Among the records below, find the line that has "C 2245 alt 44-5Db"; from there, give the lines again exactly, and stop after the line that has "TRAJES DE CASIMIR".

▸ MATERIAL TO PROCESS:
+===+

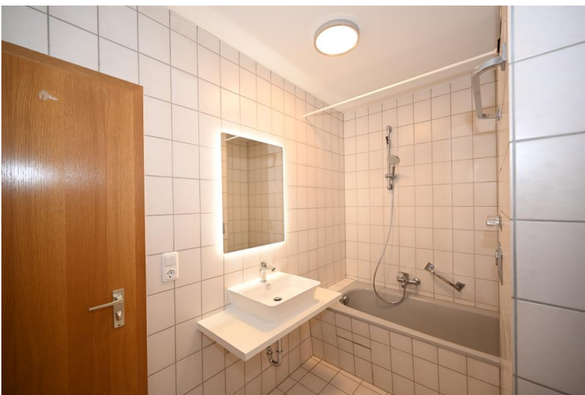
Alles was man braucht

+===+

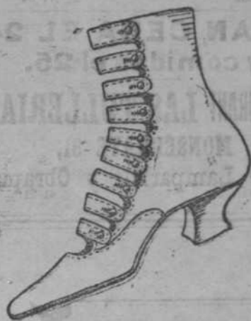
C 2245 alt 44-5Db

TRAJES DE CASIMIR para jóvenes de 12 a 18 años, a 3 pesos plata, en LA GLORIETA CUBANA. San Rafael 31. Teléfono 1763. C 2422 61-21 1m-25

+===+

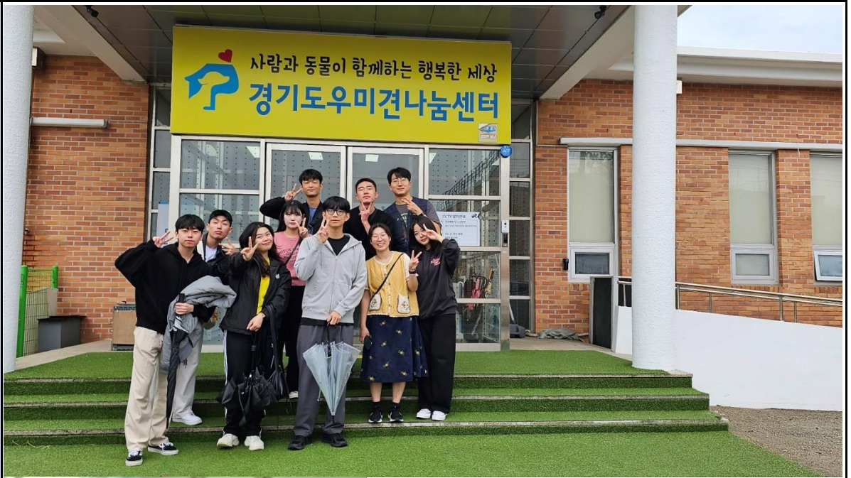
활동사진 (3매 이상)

+===+

▸ REPLY TO THE EXERCISE:
C 2245 alt 44-5Db

TRAJES DE CASIMIR para jóvenes de 12 a 18 años, a 3 pesos plata, en LA GLORIETA CUBANA. San Rafael 31. Teléfono 1763. C 2422 61-21 1m-25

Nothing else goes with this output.